Emery High School in Emeryville is in the middle of a debate over the name of its new gymnasium and sports complex.
The community and student body have submitted a long list of names, from the celebrity and unlikely (Bob Marley) to the local and specific (Elio Abrami, a 38-year gym teacher and coach at Emery High who died in 2018.)
The list of nominees also includes Steve Dain, who taught gym at Emery High from 1966 to 1976. In 1975, Dain took medical leave to have gender confirmation surgery at Stanford Medical Center. Dain returned to work having transitioned and legally changed his name, eager to resume his duties. Upon understanding what had happened during Dain's time off, then-district Superintendent Lewis Stommel first suspended and then fired Dain for reasons of "immoral conduct," and accused him of conducting unauthorized lectures on school premises about his "sex change" operation, according to Alameda County Superior Court documents obtained by the Bay Area Reporter.
The text of the suit itself is a testament to historical transphobia. Dain attempted to keep his medical records sealed and private, but the court subpoenaed and read them during the proceedings. Dain's attorney genders him as male in all filings, while the respondent's description of the petitioner range widely, defaulting to "he/she" in many places.
Dain won his suit, despite these difficulties and the rarity of being an out trans man in 1977. He was awarded his salary from the year he lost his teaching income (about $19,000) plus the cost of the suit and attorney fees. The initial judgment outlines the possibility of "such other and further relief as the court may deem proper," but no amount is given.
Dain, who died in 2007 at age 68, was unable to return to teaching as a career after the case, instead going to school to study chiropractic medicine in 1985, according to his East Bay Times obituary.
Christian Patz, current vice mayor of Emeryville, thinks that naming the gym after Dain would send the correct message, and help right the district's wrong.
"It's an opportunity for visibility and inclusion," said Patz, a 48-year-old straight ally. "For the next 10 or 15 years, when people look at this building and ask who was Steve Dain, we can tell the story."

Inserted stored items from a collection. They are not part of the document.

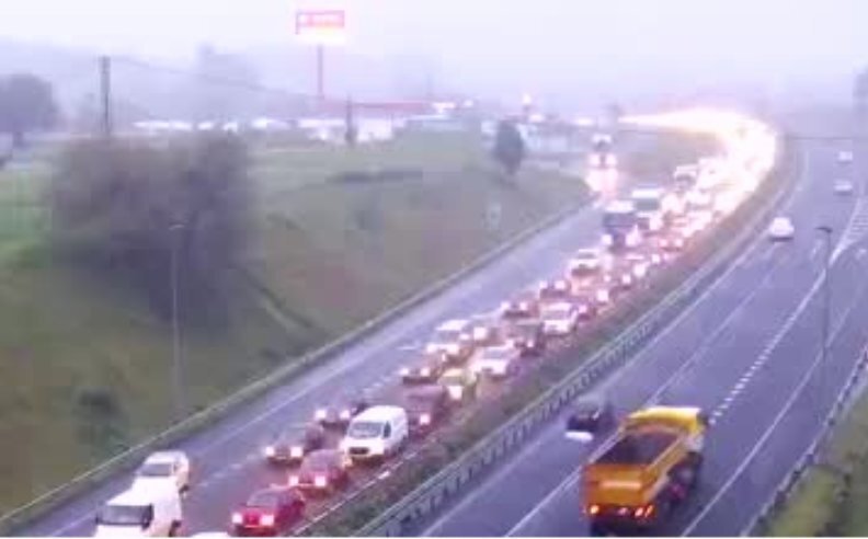 El origen es un accidente en la curva de la salida de la autovía a su paso por Mogro, el atasco llega ya a Requejada en la hora punta de la mañana.
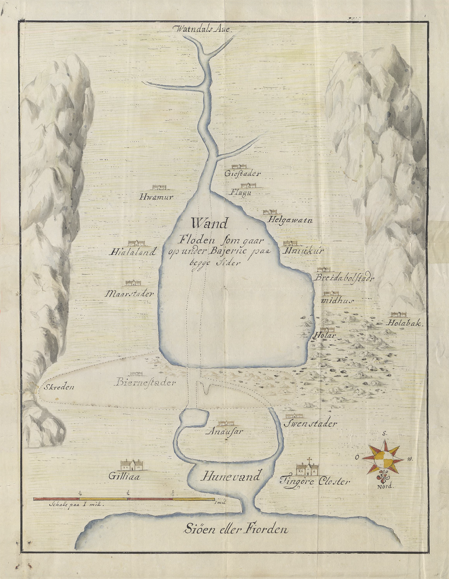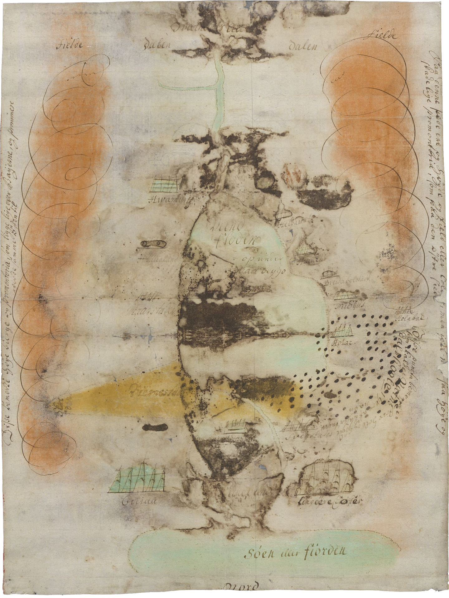 A sketch of the landslide in Vatnsdalur in Húnavatnssýsla on the night of October 8, 1720, or rather its consequences. The sketch was stapled into the letter book of Peter Raben, the parish clerk, for the year 1722 and is damaged by moisture like the letter book itself. This is, as far as can be seen, the sketch that Jóhann Gottrup, the commissioner and sheriff of Húnavatnssýsla, sent to the county clerk Raben in a letter on September 22, 1721.
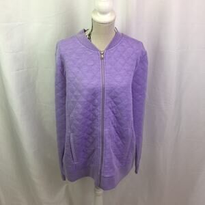 Isaac Mizrahi Live soho Quilted Zip Front Knit Bomber Jacket Soft Purple Small
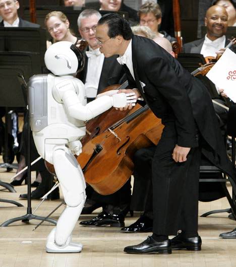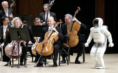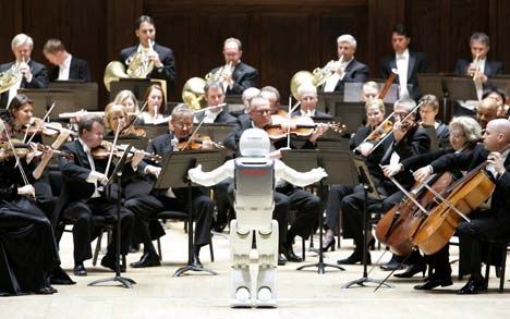 機(jī)器人現(xiàn)場(chǎng)指揮交響樂 點(diǎn)頭鞠躬無所不能,在一片暗淡光線的籠罩下,坐無缺席的音樂大廳逐漸安靜下來,指揮家像模像樣地走了出來,站在觀眾面前的是一個(gè)全身閃著亮光的白顏色機(jī)器人,高4英尺三英寸。這個(gè)非同尋常的機(jī)器人名為ASIMO,它于本周二晚接受了一次嚴(yán)峻挑戰(zhàn):現(xiàn)場(chǎng)指揮底特律交響樂團(tuán),樂團(tuán)演奏的是百老匯音樂劇《夢(mèng)幻騎士》中的精彩曲目《不可能的夢(mèng)想》。ASIMO以小孩子的口吻對(duì)觀眾說:“大家好”,隨后向樂隊(duì)擺手,示意演出開始。
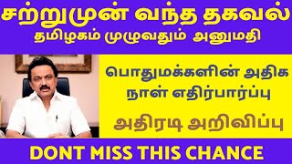 சற்றுமுன் வெளியான முக்கிய தகவல்கள் !! மக்கள் மகிழ்ச்சி !!! தமிழக அரசு அதிரடி அறிவிப்பு !! TN Special

Patz said the idea to name the gym after Dain was first suggested by Jac Asher, a former member of Emeryville's city council and a professor of gender studies at UC Berkeley.
"According to her, this would be the first public building named after a trans person," Patz said.
He indicated he would be willing to fundraise for a more substantial marker and a named scoreboard, if the school board were to vote to name the structure after Dain.
"So many wrongs in history haven't been righted," Patz explained. "It's a small thing, but it's a chance to right a wrong."
Asher did not respond to requests for comment.
The Bay Area Reporter was unable to falsify that claim; it seems correct that no other public buildings have been named in the memory of a known trans person in the United States.
At the school board's June 12 meeting, nominations and remarks were given in support of several would-be honorees. The most represented nominee by far was Abrami, with four people taking slots to speak in his favor. The comments were impassioned and often emotional, referring to the time and effort spent in Abrami's career on the well-being of his students.
Hal Schulz, a relative of Abrami's, spoke briefly with the B.A.R. before giving his remarks. When asked whether he was aware of Dain's nomination, Schulz said he was.
"Terrible thing, that they fired him like that," Schulz said. "But he got a chunk of change for it."
No one present at the meeting that night spoke on Dain's behalf.
Emery school board President Barbara Inch explained during the meeting that although nominations are closed, anyone wishing to make a comment on the current nominees can do so by writing to the school board at mailto:[email protected].
The board will reduce the current pool of nominees to three names and take a final vote June 26. It will accept comment online up until that date, and the meeting is open to the public at Anna Yates Elementary, 4727 San Pablo Avenue, at 5:30 p.m.